=== EXERCISE PROMPT ===
Transcription, pictures excluded: write out the data below exactly.

=== GIVEN INFORMATION ===
=== Begin Enclosure ===
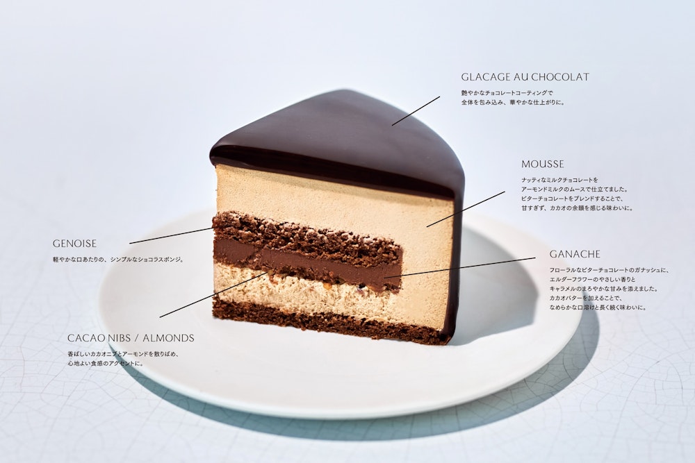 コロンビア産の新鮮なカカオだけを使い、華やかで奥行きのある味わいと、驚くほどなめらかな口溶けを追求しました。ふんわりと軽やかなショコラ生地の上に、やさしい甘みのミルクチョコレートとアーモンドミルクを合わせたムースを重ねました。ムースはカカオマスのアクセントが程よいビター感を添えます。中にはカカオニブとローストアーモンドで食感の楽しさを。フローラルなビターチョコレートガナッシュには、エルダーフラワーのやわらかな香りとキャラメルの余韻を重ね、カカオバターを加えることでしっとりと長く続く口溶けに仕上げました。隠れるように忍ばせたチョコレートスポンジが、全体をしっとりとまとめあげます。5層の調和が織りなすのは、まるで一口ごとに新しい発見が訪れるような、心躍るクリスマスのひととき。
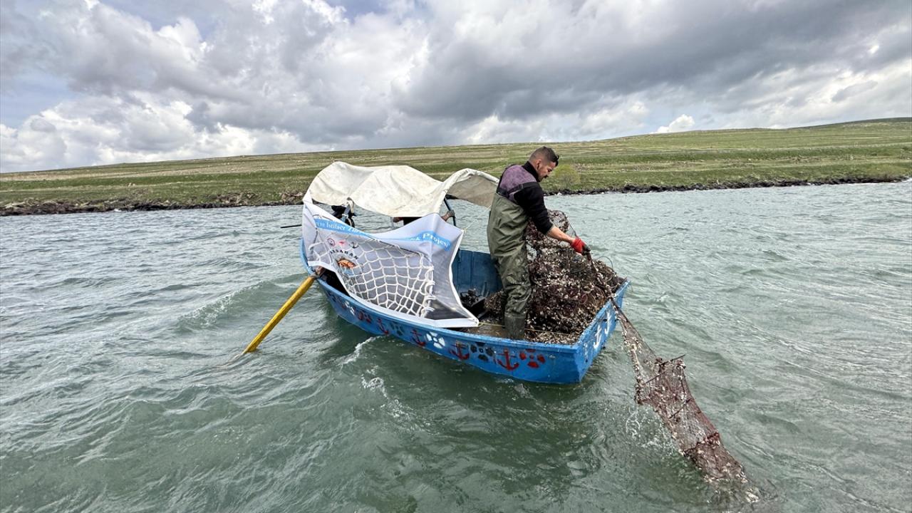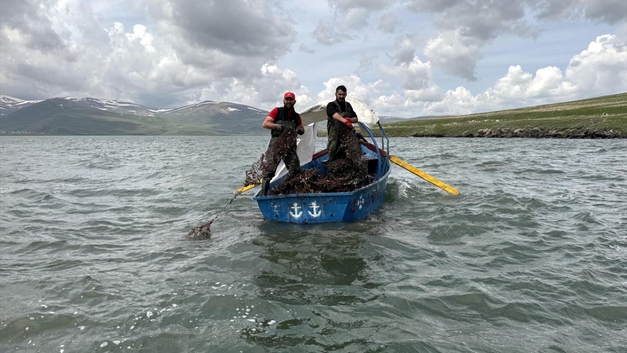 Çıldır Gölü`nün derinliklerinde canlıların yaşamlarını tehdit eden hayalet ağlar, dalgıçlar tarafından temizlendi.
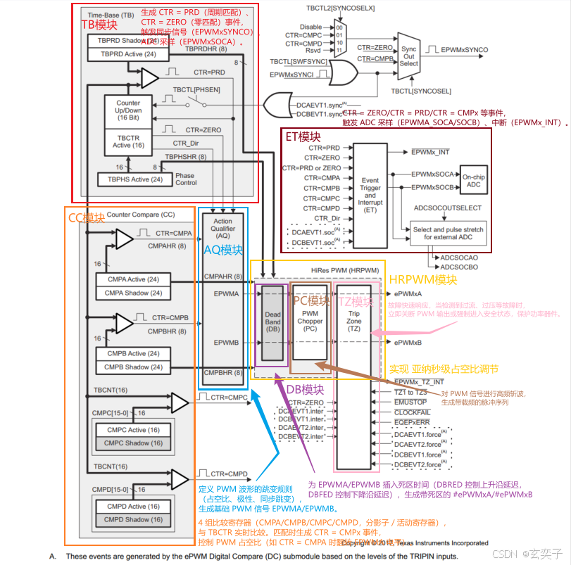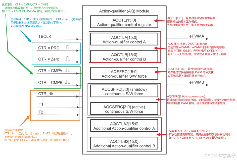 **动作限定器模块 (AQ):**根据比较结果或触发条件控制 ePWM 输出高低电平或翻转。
=== End Enclosure ===
=== WRITTEN ANSWER ===
 コロンビア産の新鮮なカカオだけを使い、華やかで奥行きのある味わいと、驚くほどなめらかな口溶けを追求しました。ふんわりと軽やかなショコラ生地の上に、やさしい甘みのミルクチョコレートとアーモンドミルクを合わせたムースを重ねました。ムースはカカオマスのアクセントが程よいビター感を添えます。中にはカカオニブとローストアーモンドで食感の楽しさを。フローラルなビターチョコレートガナッシュには、エルダーフラワーのやわらかな香りとキャラメルの余韻を重ね、カカオバターを加えることでしっとりと長く続く口溶けに仕上げました。隠れるように忍ばせたチョコレートスポンジが、全体をしっとりとまとめあげます。5層の調和が織りなすのは、まるで一口ごとに新しい発見が訪れるような、心躍るクリスマスのひととき。
 Çıldır Gölü`nün derinliklerinde canlıların yaşamlarını tehdit eden hayalet ağlar, dalgıçlar tarafından temizlendi.
 **动作限定器模块 (AQ):**根据比较结果或触发条件控制 ePWM 输出高低电平或翻转。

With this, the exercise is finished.